As for E. Williams Jackson—the architect was also the sociologist of the four. Moreover, he had quite a reputation as an amateur antiquarian. Nevertheless, the most important thing about E. Williams Jackson was not learned until after the visit to Mercury, after the terrible end of that exploration, after the architect, falling in a faint, had been revived under the doctor’s care.
“Gentlemen,” said Kinney, coming from the secluded nook among the dynamos which had been the architect’s bunk; “gentlemen, I must inform you that Jackson is not what we thought.
“He—I mean, she—is a woman!”
Which put an entirely new face upon matters. The three men, discussing it, marveled that the architect had been able to keep her sex a secret all the time they were exploring at Mercury. They did not know that none of E. Williams Jackson’s fellow architects had ever guessed the truth. Ambitious and ingenious, with a natural liking for house-planning, she had resolved that her sex should not stand in the way of success.
And when she finally came to herself, there in her bunk, and suspected that her secret was out—instead of shame or embarrassment she felt only chagrin. She walked, rather unsteadily, across the floor of the great cube-shaped car to the window where the three were standing; and as they quietly made a place for her, she took it entirely as a matter of course, and without a word.
The doctor had been speaking of the peculiar fitness of the four for what they were doing. “And if I’m not mistaken,” he went on, “we’re going to need all the brains we can pool, when we get to Venus.
“I never would have claimed, when we started out, that Mercury had ever been inhabited. But now that we’ve seen what we’ve seen, I feel dead sure that Venus once was peopled.”
The four looked out the triple-glazed vacuum-insulated window at the steadily growing globe of “Earth’s twin sister.” Half in sunlight and half in shadow, this planet, for ages the synonym for beauty, was now but a million miles away. She looked as large as the moon; but instead of a silvery gleam, she showed a creamy radiance fully three times as bright.

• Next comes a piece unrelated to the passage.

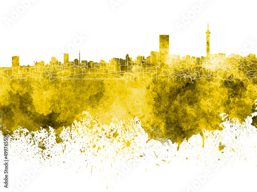 © Paulrommer, Fototapeta premium Johannesburg skyline in yellow watercolor on white background

“Let’s see,” reflected the geologist aloud. “As I recall it, the brightness of a planet depends upon the amount of its air. That would indicate, then, that Venus has about as much as the earth, wouldn’t it?” remembering how the home planet had looked when they left it.

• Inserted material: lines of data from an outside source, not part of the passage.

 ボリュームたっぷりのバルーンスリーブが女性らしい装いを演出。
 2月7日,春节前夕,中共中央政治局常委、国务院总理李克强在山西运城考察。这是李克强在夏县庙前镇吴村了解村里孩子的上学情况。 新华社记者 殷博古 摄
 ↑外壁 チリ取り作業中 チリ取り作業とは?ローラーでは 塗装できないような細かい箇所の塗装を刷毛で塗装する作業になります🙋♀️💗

The doctor nodded. “There are other factors; but undoubtedly we are approaching a world which is a great deal like our own. Venus is nearly as large as the earth, has about nine-tenths the surface, and a gravity almost as strong. The main difference is that she’s only two-thirds as far from the sun as we are.”
“How long is her day?” Smith wanted to know.
“Can’t say. Some observers claim to have seen her clearly enough to announce a day of the same length as ours. Others calculate that she’s like Mercury; always the same face toward the sun. If so, her day is also her year—two hundred and twenty-five of our days.”